#### [What this task involves]
A faithful copy of all the records is needed, with the pictures omitted.

#### [Data provided]
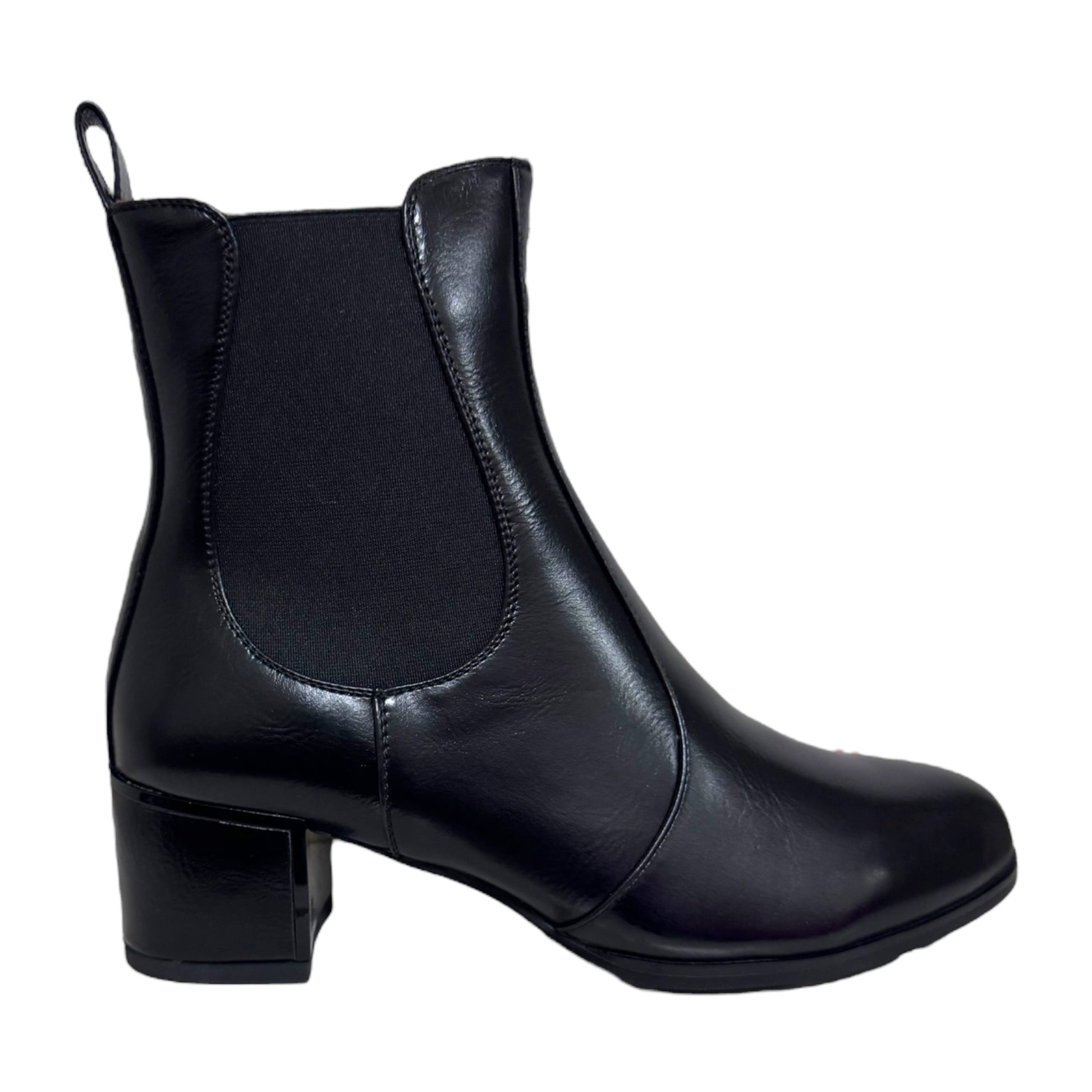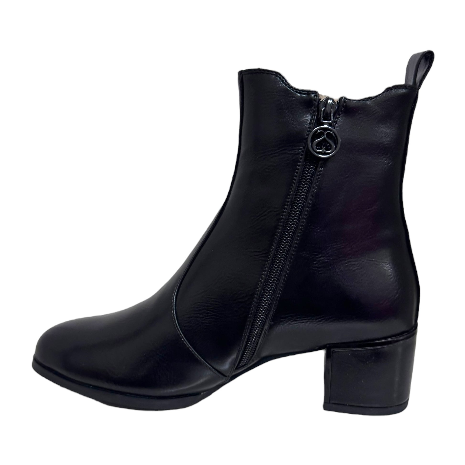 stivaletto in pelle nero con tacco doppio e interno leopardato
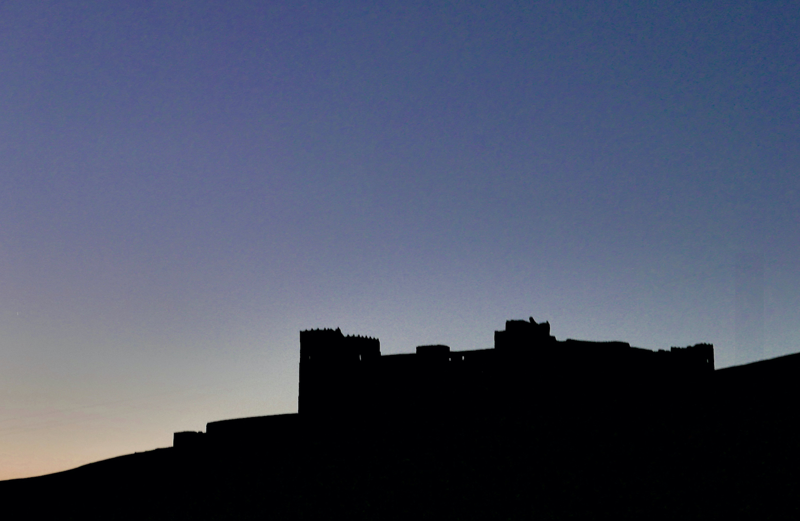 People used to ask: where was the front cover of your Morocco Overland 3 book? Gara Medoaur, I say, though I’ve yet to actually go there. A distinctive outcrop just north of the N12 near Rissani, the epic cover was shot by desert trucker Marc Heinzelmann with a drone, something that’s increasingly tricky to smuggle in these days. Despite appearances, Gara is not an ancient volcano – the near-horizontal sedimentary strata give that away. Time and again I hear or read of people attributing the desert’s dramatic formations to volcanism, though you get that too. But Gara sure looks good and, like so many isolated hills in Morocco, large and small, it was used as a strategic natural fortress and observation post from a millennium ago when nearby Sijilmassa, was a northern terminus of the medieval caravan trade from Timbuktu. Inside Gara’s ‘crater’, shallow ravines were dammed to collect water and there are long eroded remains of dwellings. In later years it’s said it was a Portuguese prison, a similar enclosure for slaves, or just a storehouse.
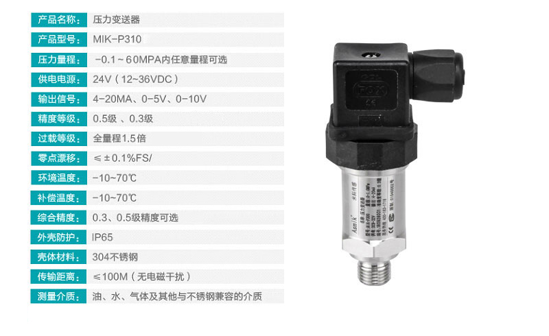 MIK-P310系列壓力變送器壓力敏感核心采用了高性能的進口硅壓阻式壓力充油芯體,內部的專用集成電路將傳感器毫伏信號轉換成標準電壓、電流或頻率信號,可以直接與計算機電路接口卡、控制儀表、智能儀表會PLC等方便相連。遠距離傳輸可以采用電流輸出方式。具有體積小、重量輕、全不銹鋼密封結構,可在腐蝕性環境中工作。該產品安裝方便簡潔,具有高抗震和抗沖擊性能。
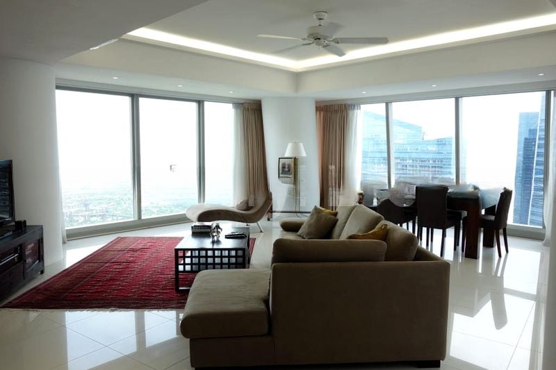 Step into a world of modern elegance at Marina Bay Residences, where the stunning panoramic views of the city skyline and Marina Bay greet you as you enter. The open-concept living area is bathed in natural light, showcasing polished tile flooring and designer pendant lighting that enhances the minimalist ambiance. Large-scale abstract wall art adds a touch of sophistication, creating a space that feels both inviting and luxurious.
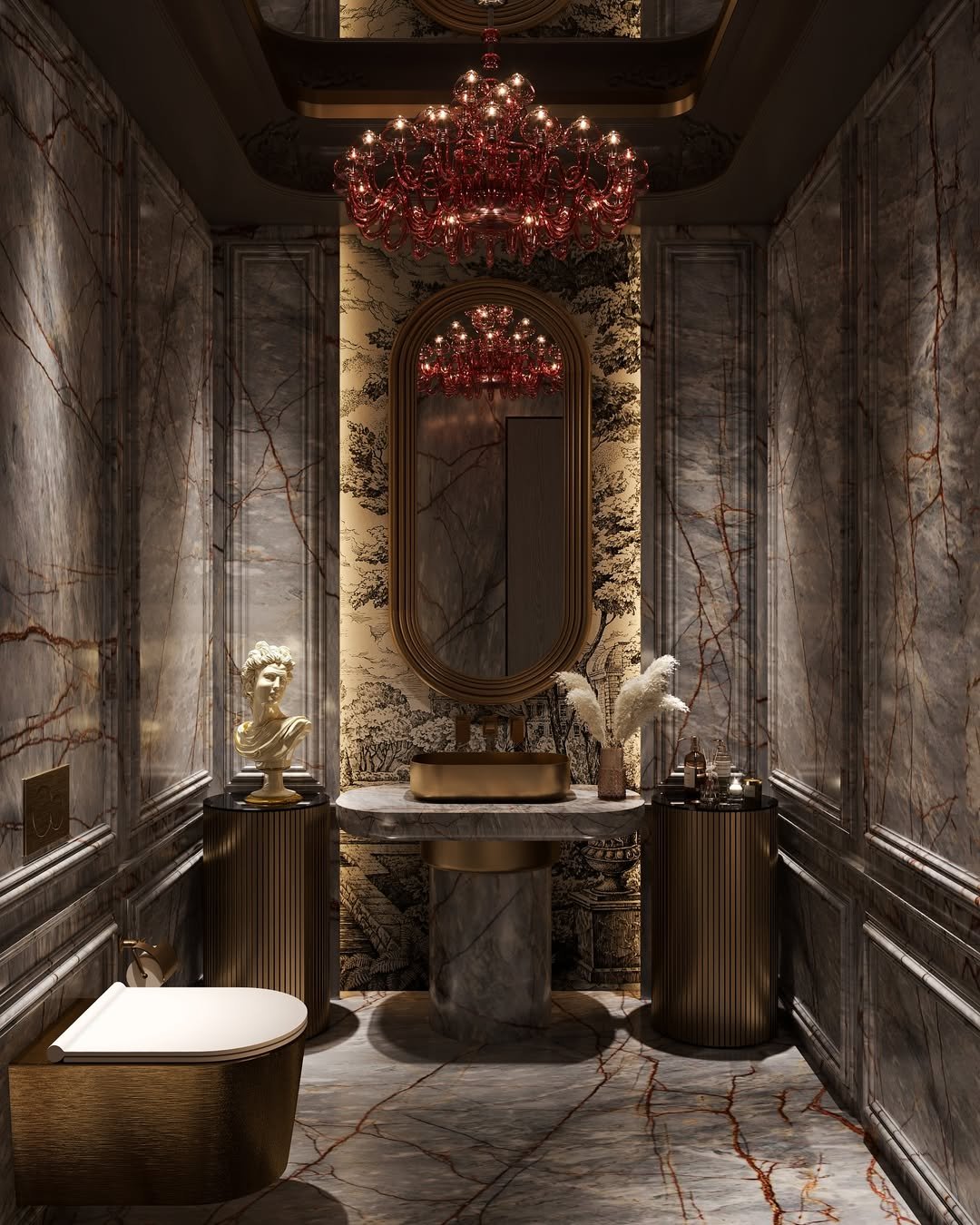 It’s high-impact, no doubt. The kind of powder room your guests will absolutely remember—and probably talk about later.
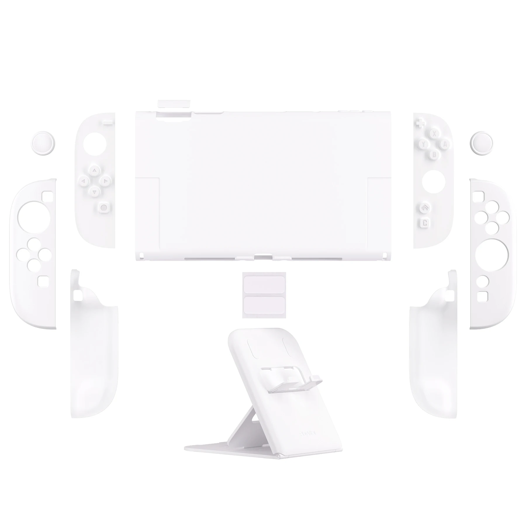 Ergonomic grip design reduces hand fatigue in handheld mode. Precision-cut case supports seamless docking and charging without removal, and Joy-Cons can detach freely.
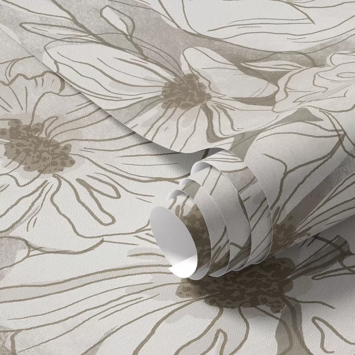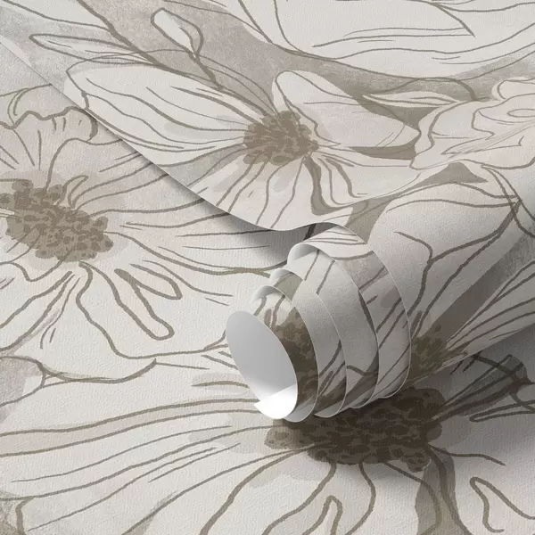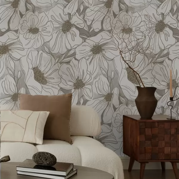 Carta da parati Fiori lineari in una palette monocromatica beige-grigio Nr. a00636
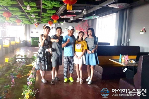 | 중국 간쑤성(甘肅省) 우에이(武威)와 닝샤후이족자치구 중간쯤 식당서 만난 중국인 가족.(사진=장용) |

#### [Reply to the exercise]
 stivaletto in pelle nero con tacco doppio e interno leopardato
 People used to ask: where was the front cover of your Morocco Overland 3 book? Gara Medoaur, I say, though I’ve yet to actually go there. A distinctive outcrop just north of the N12 near Rissani, the epic cover was shot by desert trucker Marc Heinzelmann with a drone, something that’s increasingly tricky to smuggle in these days. Despite appearances, Gara is not an ancient volcano – the near-horizontal sedimentary strata give that away. Time and again I hear or read of people attributing the desert’s dramatic formations to volcanism, though you get that too. But Gara sure looks good and, like so many isolated hills in Morocco, large and small, it was used as a strategic natural fortress and observation post from a millennium ago when nearby Sijilmassa, was a northern terminus of the medieval caravan trade from Timbuktu. Inside Gara’s ‘crater’, shallow ravines were dammed to collect water and there are long eroded remains of dwellings. In later years it’s said it was a Portuguese prison, a similar enclosure for slaves, or just a storehouse.
 MIK-P310系列壓力變送器壓力敏感核心采用了高性能的進口硅壓阻式壓力充油芯體,內部的專用集成電路將傳感器毫伏信號轉換成標準電壓、電流或頻率信號,可以直接與計算機電路接口卡、控制儀表、智能儀表會PLC等方便相連。遠距離傳輸可以采用電流輸出方式。具有體積小、重量輕、全不銹鋼密封結構,可在腐蝕性環境中工作。該產品安裝方便簡潔,具有高抗震和抗沖擊性能。
 Step into a world of modern elegance at Marina Bay Residences, where the stunning panoramic views of the city skyline and Marina Bay greet you as you enter. The open-concept living area is bathed in natural light, showcasing polished tile flooring and designer pendant lighting that enhances the minimalist ambiance. Large-scale abstract wall art adds a touch of sophistication, creating a space that feels both inviting and luxurious.
 It’s high-impact, no doubt. The kind of powder room your guests will absolutely remember—and probably talk about later.
 Ergonomic grip design reduces hand fatigue in handheld mode. Precision-cut case supports seamless docking and charging without removal, and Joy-Cons can detach freely.
 Carta da parati Fiori lineari in una palette monocromatica beige-grigio Nr. a00636
 | 중국 간쑤성(甘肅省) 우에이(武威)와 닝샤후이족자치구 중간쯤 식당서 만난 중국인 가족.(사진=장용) |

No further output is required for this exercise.